Dataset entries

*** Block opens ***

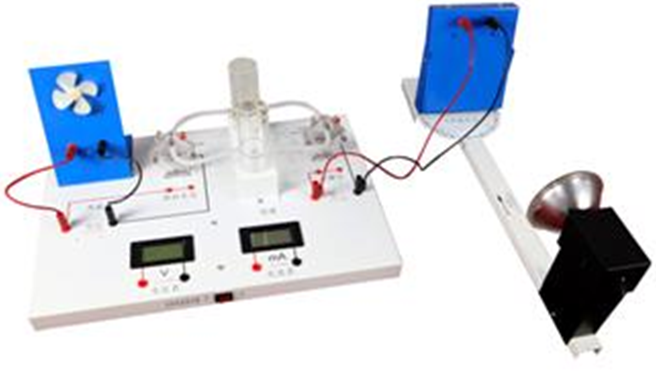 燃料電池教具是利用光線照射在太陽能電池板上產(chǎn)生電能,然后利用產(chǎn)生的電能作用在電解電池模塊上,使水發(fā)生電解產(chǎn)生氫氣和氧氣。氫氣和氧氣進(jìn)入到發(fā)電模塊產(chǎn)生電能,帶動(dòng)風(fēng)扇轉(zhuǎn)動(dòng)。
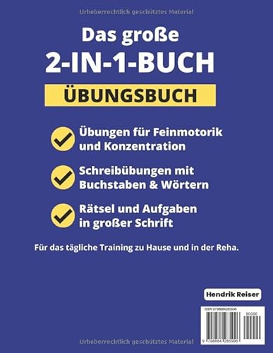 2-in-1-Buch nach Schlaganfall: Umfangreiches Übungsbuch mit Schreibübungen, Gedächtnistraining und Übungen für die Hand-Auge-Koordination
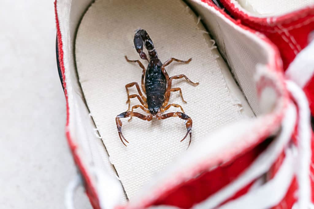 Escorpião-marrom, também conhecido como escorpião-negro, dentro de um tênis. A espécie Tityus bahiensis é encontrada do leste e centro do Brasil (Imagem: RHJPhtotos / Shutterstock)
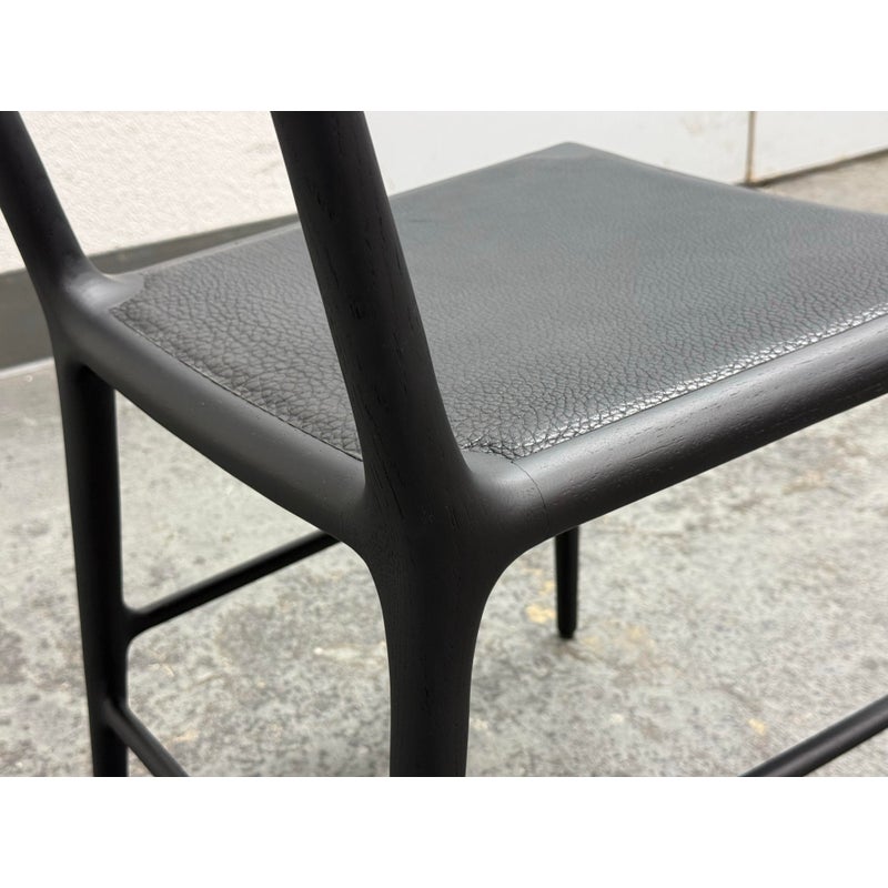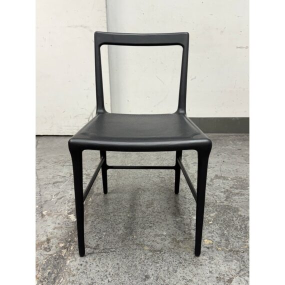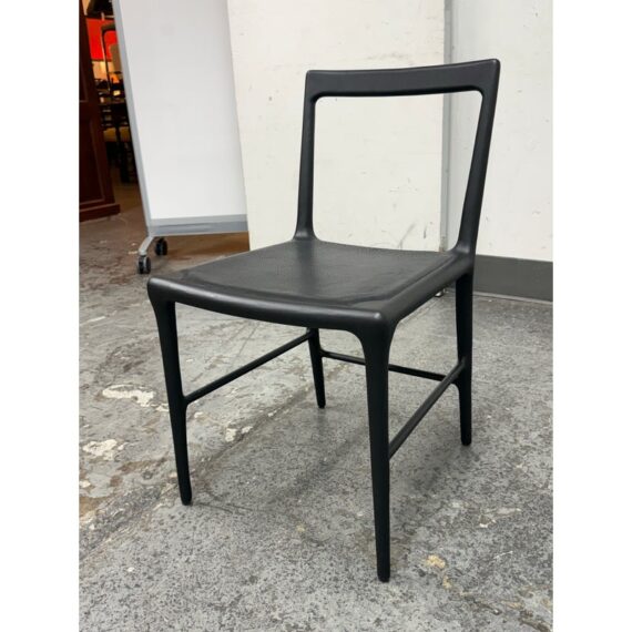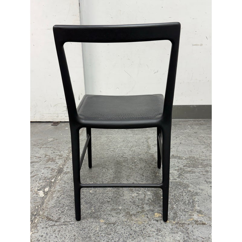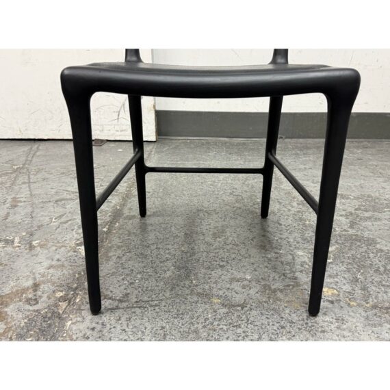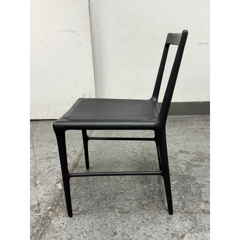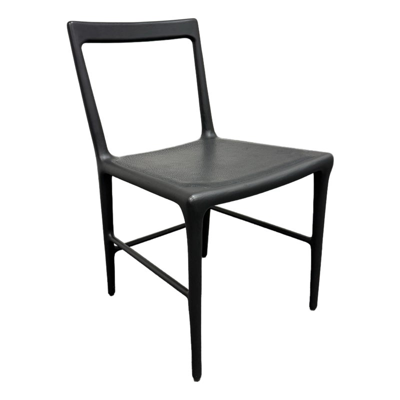 Design Plus Gallery presents the OUD Side Chair from Christophe Delcourt. The exquisite and graceful dining chair, rendered in black oak with leather seat, seems as though it was grown in a forest rather than made in a shop. This seating piece is an astonishing example of designer Christophe Delcourt’s devotion to honoring materials and traditional French craftsmanship, while drawing inspiration from the natural world. We like the warmth and elegance this chair brings to any room in your home. In good condition, visible and minimal wear from usage. Made in France.
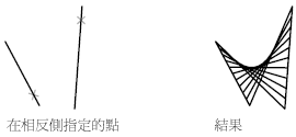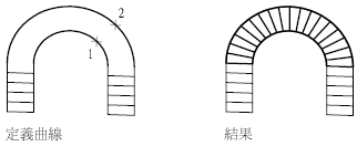對於開放曲線,直紋網面的建構是根據曲線上指定點的位置進行的。
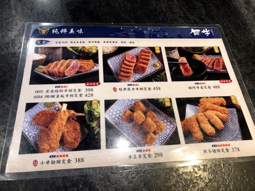 餐點以定食為主,共有七款選擇。最入門的是牛立方定食,若不吃牛也有戰斧豬排可選,價位從 298 元起,落在中價位區間。最近荷包偏緊,還是得克制一下,就先從最基本款開始。
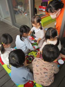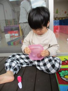 テラスにおままごとを持ってきて「ピクニックごっこ🍱」
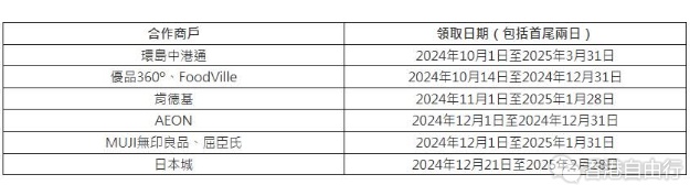 推广期内,WeChat Pay HK用户只需透过WeChat/微信扫描合作商户线下门店活动物料的宣传二维码,进入商户的专属活动页面,每月可领取总值10元的电子现金券礼包一份,内含三张不同面值的现金券。合作商户包括AEON、肯德基、MUJI无印良品、屈臣氏、日本城、环岛中港通、优品360º及Foo诶Ville。
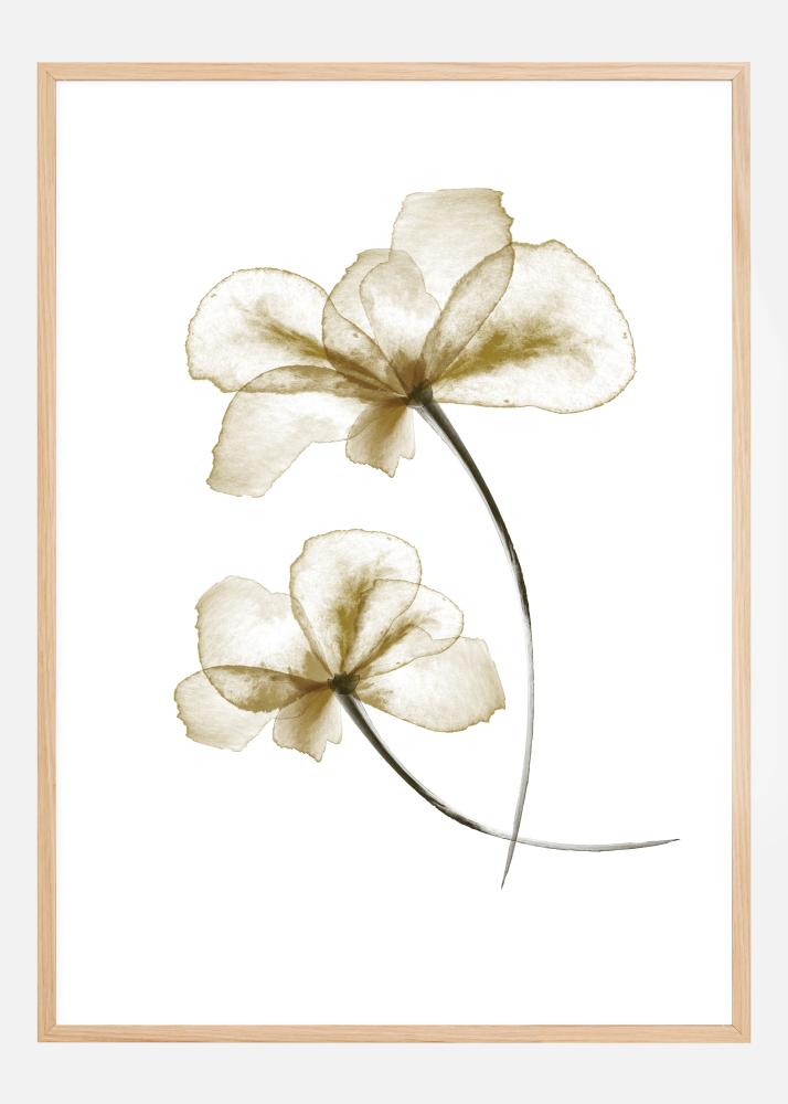 Um póster simples mas elegante com duas flores brancas num fundo branco. Na parte inferior da impressão, as flores se sobrepõem lindamente, dando ao impressão um toque delicado. A transparência dos tons suaves de marrom e bege ficaria perfeita numa parede creme.

*** Block closes ***

*GOAL OF THE EXERCISE*. Output, exactly and only, the lines beginning with the one that contains "對於開放曲線,直紋網面的建構是根據曲線上指定點的位置進行的。" and ending at the last line of the records above. Drop the pictures.

*ANSWER*.
對於開放曲線,直紋網面的建構是根據曲線上指定點的位置進行的。
 餐點以定食為主,共有七款選擇。最入門的是牛立方定食,若不吃牛也有戰斧豬排可選,價位從 298 元起,落在中價位區間。最近荷包偏緊,還是得克制一下,就先從最基本款開始。
 テラスにおままごとを持ってきて「ピクニックごっこ🍱」
 推广期内,WeChat Pay HK用户只需透过WeChat/微信扫描合作商户线下门店活动物料的宣传二维码,进入商户的专属活动页面,每月可领取总值10元的电子现金券礼包一份,内含三张不同面值的现金券。合作商户包括AEON、肯德基、MUJI无印良品、屈臣氏、日本城、环岛中港通、优品360º及Foo诶Ville。
 Um póster simples mas elegante com duas flores brancas num fundo branco. Na parte inferior da impressão, as flores se sobrepõem lindamente, dando ao impressão um toque delicado. A transparência dos tons suaves de marrom e bege ficaria perfeita numa parede creme.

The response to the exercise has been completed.